▶ [Prompt]:
Set down a true copy of the data, with all pictures left out.

▶ [Information supplied]:
=======
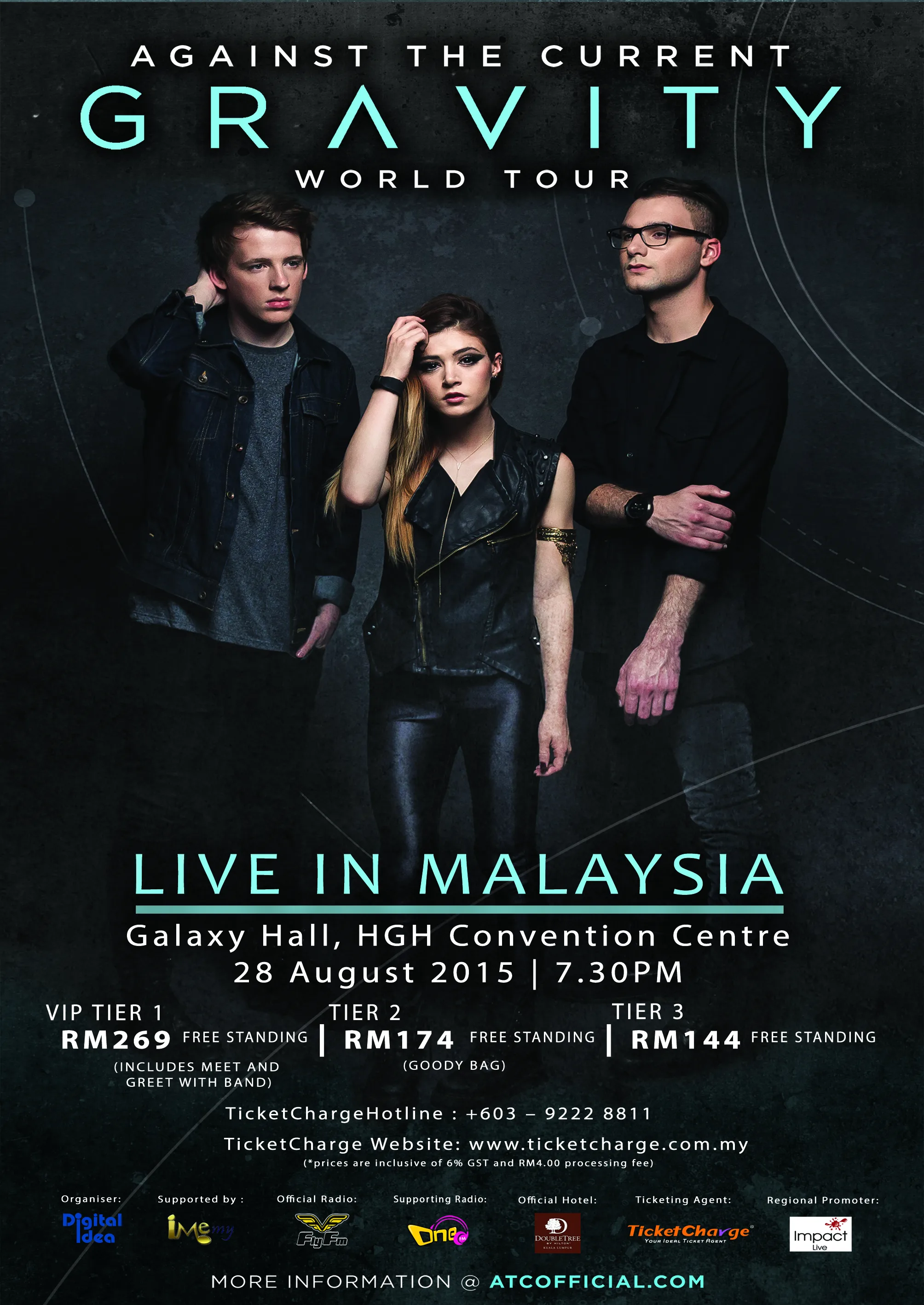 Digital Idea is the promoter for Against The Current “Gravity” Live in Malaysia 2015. Concert tickets were launched on 15th June (Monday) at 10 am via Ticketing Agent, Ticket Charge. To purchase tickets, you may log on to Ticket Charge’s official website and contact their hotline at +603-92228811. Tickets are also available at Ticket Charge office and at selected stores including Speedy Music Store, Rock Corner Music store, Victoria Music Center, and Neway Karaoke outlet.
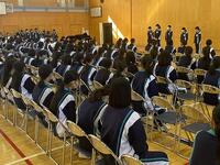 昨日公立入学者選抜が終了し、今日は球技大会です。残念ながら雨天でグランドでの競技はできませんでしたが、体育館で学年全員が集まり、フットサルや男女混合ドッチボールを行い盛り上がりました。
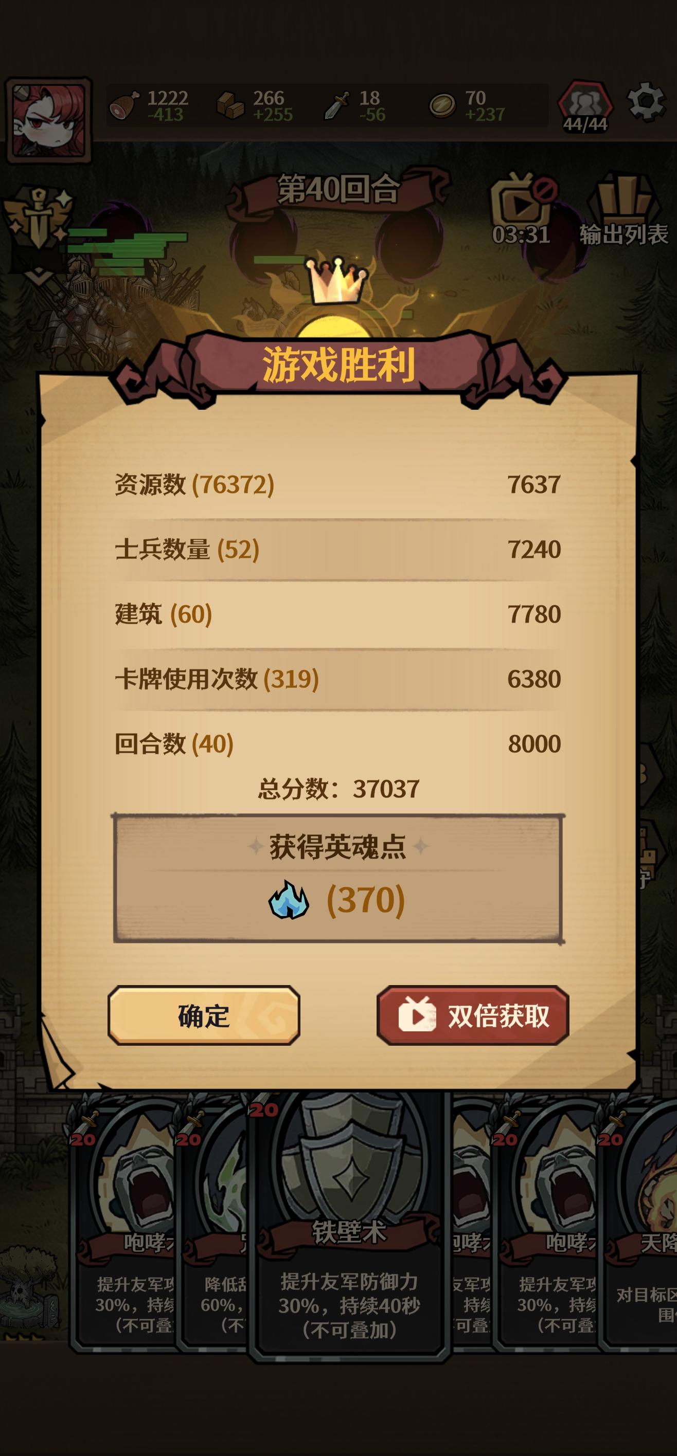 基本上没点加成,只把获得英雄点点满了。想着发育。结果这把看了广告无压力过了。不需要加成。然后都通关可我还打啥
=======
▶ [Answer]:
 Digital Idea is the promoter for Against The Current “Gravity” Live in Malaysia 2015. Concert tickets were launched on 15th June (Monday) at 10 am via Ticketing Agent, Ticket Charge. To purchase tickets, you may log on to Ticket Charge’s official website and contact their hotline at +603-92228811. Tickets are also available at Ticket Charge office and at selected stores including Speedy Music Store, Rock Corner Music store, Victoria Music Center, and Neway Karaoke outlet.
 昨日公立入学者選抜が終了し、今日は球技大会です。残念ながら雨天でグランドでの競技はできませんでしたが、体育館で学年全員が集まり、フットサルや男女混合ドッチボールを行い盛り上がりました。
 基本上没点加成,只把获得英雄点点满了。想着发育。结果这把看了广告无压力过了。不需要加成。然后都通关可我还打啥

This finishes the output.